The fact that you are reading this is because of amazing advances in technology over recent years. That I can connect with so many people and tell you how I’m feeling in almost real time is just incredible and obviously has many advantages. It’s also going to be fundamental to the success of this blog, how much it gets read, and how much money it can raise for Guy’s Trust. Further, the prospect of launching Dromomaniacs from the road would have just been completely impossible only a few years ago.
However, the thought of harnessing the power of technology scares me. Firstly, I’m scared that I won’t have the skills to use it correctly. I only got a smartphone last month and it’s been a steep learning curve.

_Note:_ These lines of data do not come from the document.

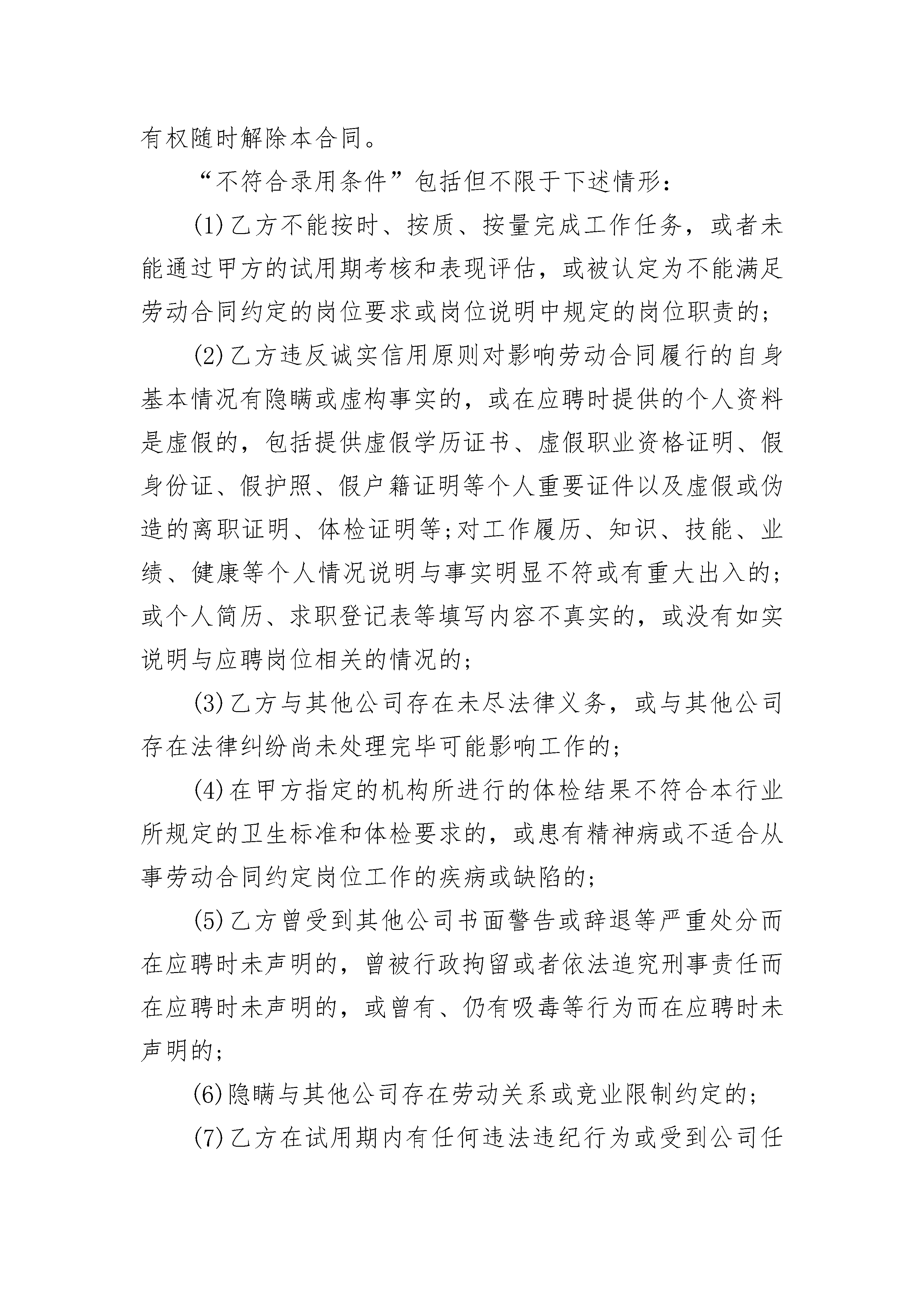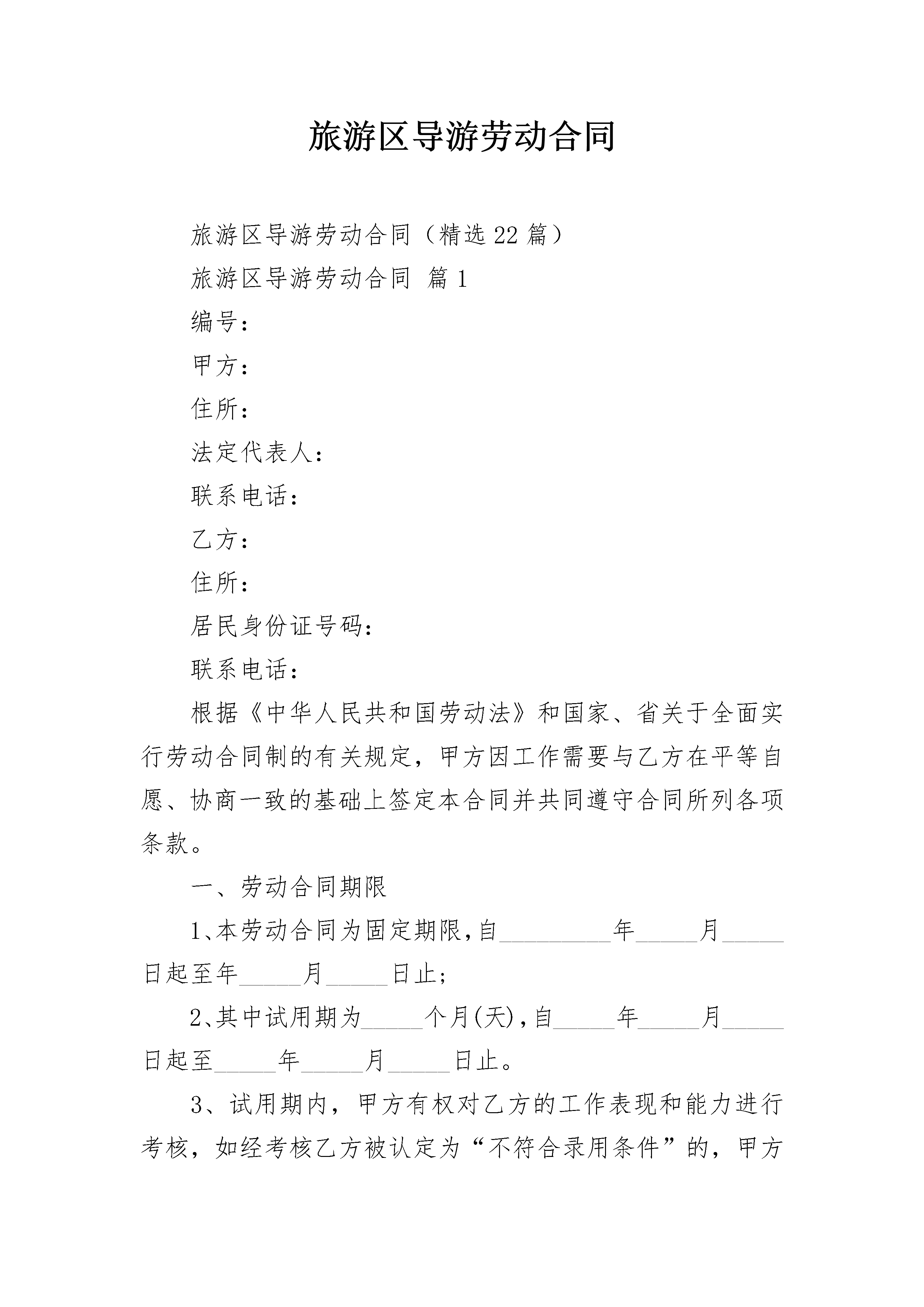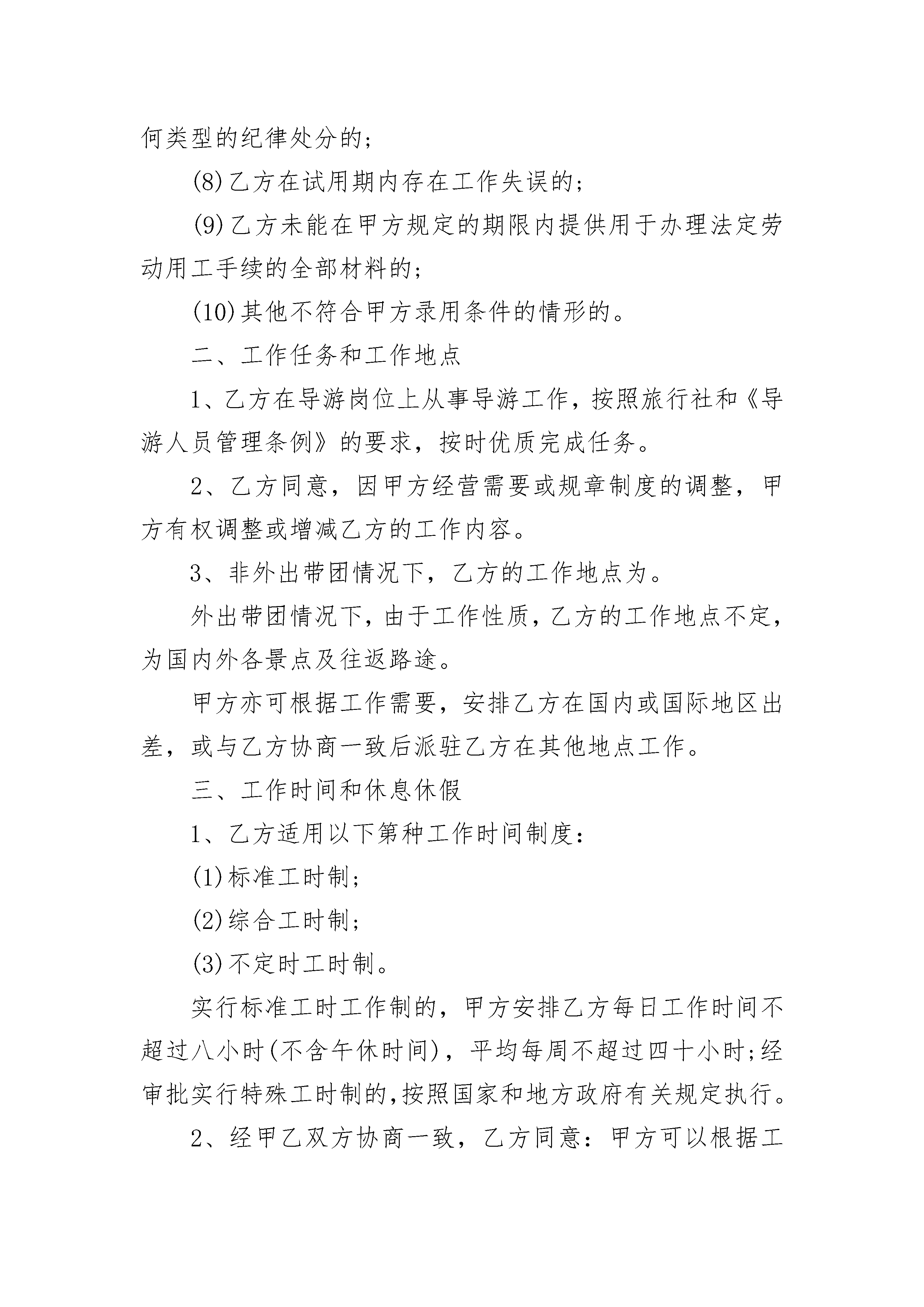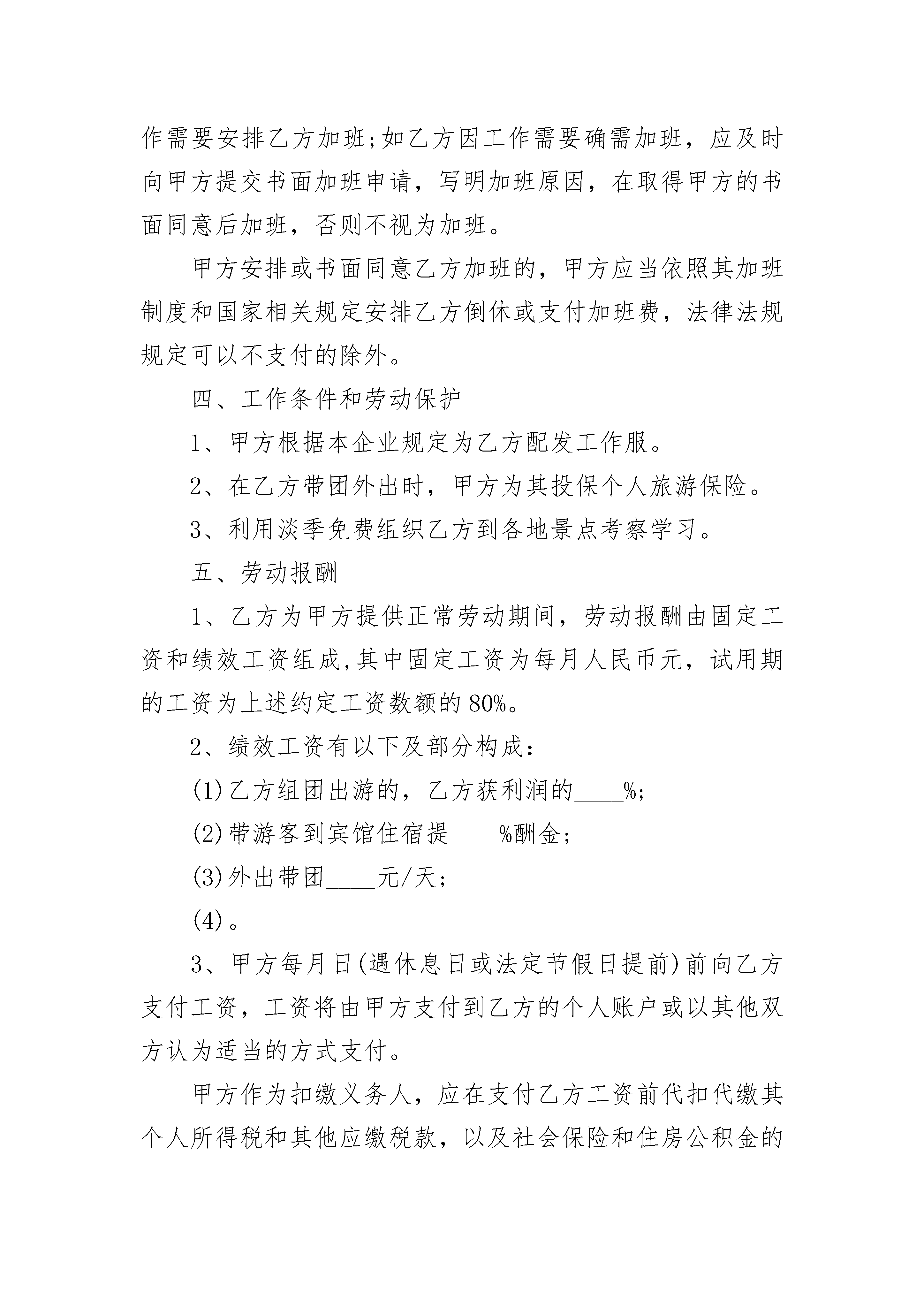 旅游区导游劳动合同旅游区导游劳动合同(精选22篇)旅游区导游劳动合同篇1编号:甲方:住所:法定代表人:联系电话:乙方:住所:居民身份证号码:联系电话:根据《中华人民共和国劳动法》和国家、省关于全面实行劳动合同制的有关规定,甲方因工作需要与乙方在平等自愿、协商一致的基础上签定本合同并共同遵守合同所列各项条款。一、劳动合同期限1、本劳动合同为固定期限,自_________年_____月_____日起至年_____月_____日止;2、其中试用期为_____个月(天),自_____年_____月_____日起至_____年_____月_____日止。3、试用期内,甲方有权对乙方的工作表现和能力进行考核,如经考核乙方被认定为“不符合录用条件”的,甲方有权随时解除本合同。“不符合录用条件”包括但不限于下述情形:(1)乙方不能按时、按质、按量完成工作任务,或者未能通过甲方的试用期考核和表现评估,或被认定为不能满足劳动合同约定的岗位要求或岗位说明中规定的岗位职责的;(2)乙方违反诚实信用原则对影响劳动合同履行的自身基本情况有隐瞒或虚构事实的,或在应聘时提供的个人资料是虚假的,包括提供虚假学历证书、虚假职业资格证明、假身份证、假护照、假户籍证明等个人重要证件以及虚假或伪造的离职证明、体检证明等;对工作履历、知识、技能、业绩、健康等个人情况说明与事实明显不符或有重大出入的;或个人简历、求职登记表等填写内容不真实的,或没有如实说明与应聘岗位相关的情况的;(3)乙方与其他公司存在未尽法律义务,或与其他公司存在法律纠纷尚未处理完毕可能影响工作的;(4)在甲方指定的机构所进行的体检结果不符合本行业所规定的卫生标准和体检要求的,或患有精神病或不适合从事劳动合同约定岗位工作的疾病或缺陷的;(5)乙方曾受到其他公司书面警告或辞退等严重处分而在应聘时未声明的,曾被行政拘留或者依法追究刑事责任而在应聘时未声明的,或曾有、仍有吸毒等行为而在应聘时未声明的;(6)隐瞒与其他公司存在劳动关系或竞业限制约定的;(7)乙方在试用期内有任何违法违纪行为或受到公司任何类型的纪律处分的;(8)乙方在试用期内存在工作失误的;(9)乙方未能在甲方规定的期限内提供用于办理法定劳动用工手续的全部材料的;(10)其他不符合甲方录用条件的情形的。二、工作任务和工作地点1、乙方在导游岗位上从事导游工作,按照旅行社和《导游人员管理条例》的要求,按时优质完成任务。2、乙方同意,因甲方经营需要或规章制度的调整,甲方有权调整或增减乙方的工作内容。3、非外出带团情况下,乙方的工作地点为。外出带团情况下,由于工作性质,乙方的工作地点不定,为国内外各景点及往返路途。甲方亦可根据工作需要,安排乙方在国内或国际地区出差,或与乙方协商一致后派驻乙方在其他地点工作。三、工作时间和休息休假1、乙方适用以下第种工作时间制度:(1)标准工时制;(2)综合工时制;(3)不定时工时制。实行标准工时工作制的,甲方安排乙方每日工作时间不超过八小时(不含午休时间),平均每周不超过四十小时;经审批实行特殊工时制的,按照国家和地方政府有关规定执行。2、经甲乙双方协商一致,乙方同意:甲方可以根据工作需要安排乙方加班;如乙方因工作需要确需加班,应及时向甲方提交书面加班申请,写明加班原因,在取得甲方的书面同意后加班,否则不视为加班。甲方安排或书面同意乙方加班的,甲方应当依照其加班制度和国家相关规定安排乙方倒休或支付加班费,法律法规规定可以不支付的除外。四、工作条件和劳动保护1、甲方根据本企业规定为乙方配发工作服。2、在乙方带团外出时,甲方为其投保个人旅游保险。3、利用淡季免费组织乙方到各地景点考察学习。五、劳动报酬1、乙方为甲方提供正常劳动期间,劳动报酬由固定工资和绩效工资组成,其中固定工资为每月人民币元,试用期的工资为上述约定工资数额的80%。2、绩效工资有以下及部分构成:(1)乙方组团出游的,乙方获利润的____%;(2)带游客到宾馆住宿提____%酬金;(3)外出带团____元/天;(4)。3、甲方每月日(遇休息日或法定节假日提前)前向乙方支付工资,工资将由甲方支付到乙方的个人账户或以其他双方认为适当的方式支付。甲方作为扣缴义务人,应在支付乙方工资前代扣代缴其个人所得税和其他应缴税款,以及社会保险和住房公积金的个人应缴部分。六、承诺与保证乙方在此向甲方作出承诺并保证如下:1、乙方在录用过程中向甲方提供的与本合同直接相关的基本情况与信息真实有效,在本合同中的陈述及保证亦是真实、准确和完整的。如有违反,将视为严重违反甲方规章制度,甲方有权立即解除本合同;2、本合同存续期内,乙方将根据本合同所定条款和条件为甲方工作并尽其最大努力确保完成甲方委派的工作,不从事损害甲方利益的活动,不利用其在甲方的职务或职权直接或间接地为个人牟取私利;3、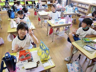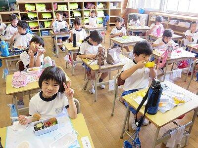 コッペパン、牛乳、マーガリン&イチゴジャム、はちみつレモンゼリー
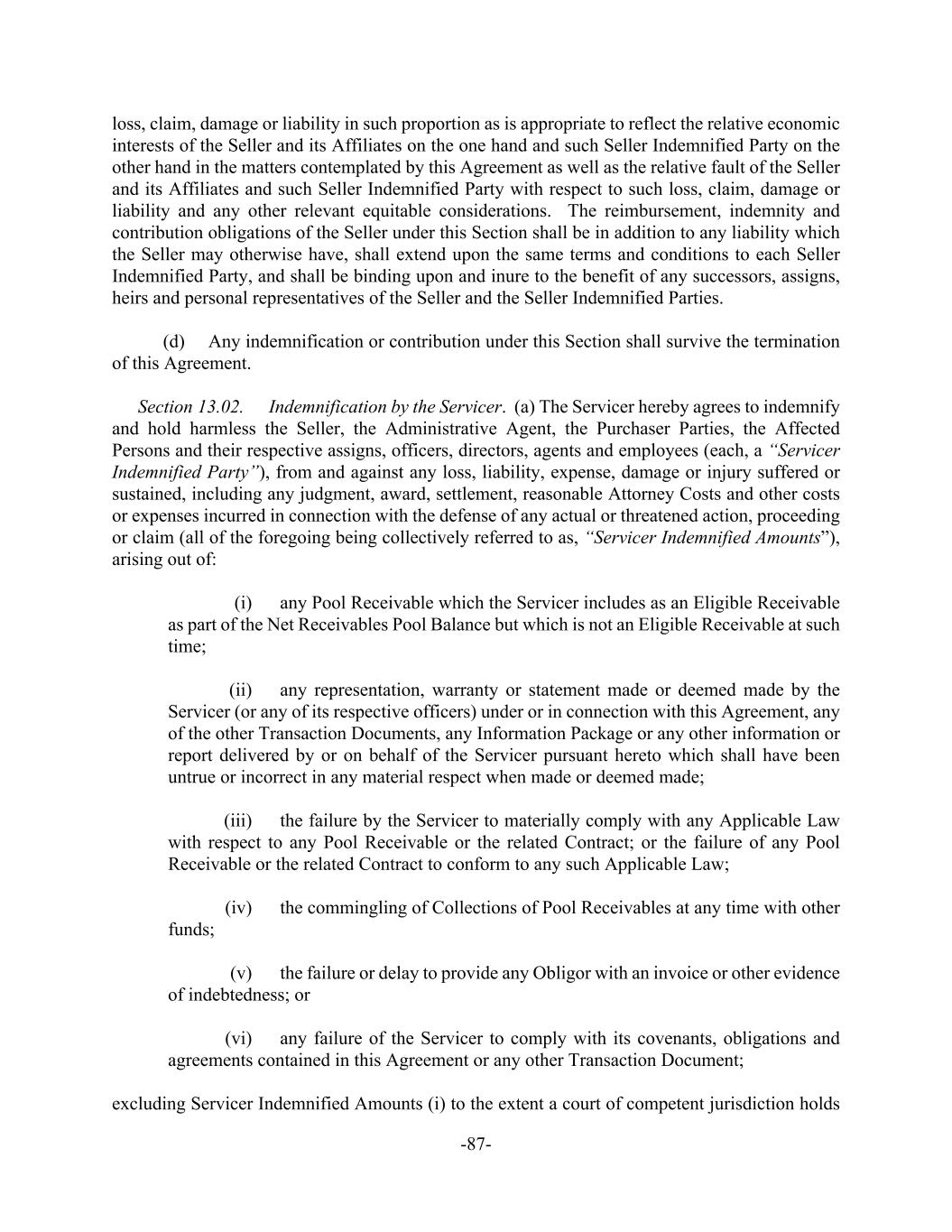 -87-损失、索赔、损害或赔偿责任的适当比例,以反映卖方及其关联公司和该卖方受赔偿方在本协议所设想的事项中的相对经济利益以及卖方及其关联公司和该卖方受赔偿方在该损失、索赔、损害或赔偿责任以及任何其他相关衡平法考虑方面的相对过错。卖方根据本条承担的偿还、赔偿和分摊义务应是卖方可能承担的任何责任的补充,应以相同的条款和条件延伸至每一卖方受赔偿方,并对卖方和卖方受赔偿方的任何继承人、受让人、继承人和个人代表具有约束力并符合其利益。(d)根据本条作出的任何赔偿或分担,在本协议终止后仍然有效。第13.02节。服务商的赔偿。(a)服务商特此同意对卖方、行政代理人、买方各方、受影响人士及其各自的受让人、高级职员、董事、代理人和雇员(各自称为“服务商受偿方”)进行赔偿并使其免受任何损失、责任、费用、损害或伤害,包括任何判决、裁决、和解、合理的律师费以及与任何实际或威胁的诉讼、程序或索赔的抗辩有关的其他费用或开支(上述所有这些统称为“服务商赔偿金额”),产生于:(i)服务商作为应收账款净额余额的一部分列入合资格应收账款但当时不是合资格应收账款的任何集合应收款;(ii)服务商(或其各自的任何高级职员)根据本协议、任何其他交易文件或与本协议、或与本协议相关作出或视为作出的任何陈述、保证或陈述,由服务商或其代表依据本协议交付的任何信息包或任何其他信息或报告,而该信息包或任何其他信息或报告在作出或被视为作出时在任何重大方面均不真实或不正确;(iii)服务商未能在实质上遵守与任何集合应收账款或相关合同有关的任何适用法律;或任何集合应收账款或相关合同未能遵守任何此类适用法律;(iv)随时将集合应收账款与其他资金混合;(v)未能或延迟向任何债务人提供发票或其他债务证据;或(vi)服务商未能遵守本协议或任何其他交易文件所载的其契诺、义务和协议;不包括(i)在有管辖权的法院持有的范围内的服务商赔偿金额

The myriad of options (or apps) for improving your photos, enhancing your battery life, translating words and sharing on social media is quite mind-boggling. Why do there have to be so many options? Take social media for one. To really promote your blog it seems that you need to be active not just on facebook, but also twitter, pinterest, Google+ instagram, Flickr, etc. etc. This goes for promoting Dromomaniacs too. I’m confident that I can produce good material, but I’m scared that I won’t be able to get it to enough people for it to achieve what I want (raise lots of money for Guys Trust and build a solid online membership base for Dromomaniacs)
I think more than not being able to use technology correctly though, the thing that really scares me is the time that it might take to get the most out of it. I spoke to a well known travel blogger about building their blog following and they recommended 4 hours a day just on promoting the blog. Actions would involve commenting on others blog posts, joining twitter conversations etc. etc. Well, I’m just not sure I actually want to do that whilst I’m travelling. I don’t want to be fiddling around on my iPhone or laptop all the time instead of actually experiencing things.
It’s not long ago that I’d have been writing letters home, sending the odd postcard and showing printed photos upon my return. I think there was actually a certain romance to that – of not being connected all the time, of having a new story to tell when you come back., of not having to worry about sharing an experience instantaneously and just enjoying it for what it is. I remember reading some advice from the acclaimed travel writer Paul Theroux who said that one of his 10 rules for travel was ‘not to take a phone’. I just hope that I can find a happy compromise between having meaningful experiences and still achieving my online goals with the blog and Dromomaniacs.
In general I think that these fears are heightened more before you start as opposed to when you are actually on the road. Thinking about anything to much as opposed to ‘doing’ always seems to be more stressful. There was a nice phrase which Michael Palin used in his forward for Dromomaniacs: ‘to see the world for yourself is to fear it less and to understand it more ‘. I’m hoping that this will prove true as I continue on this journey.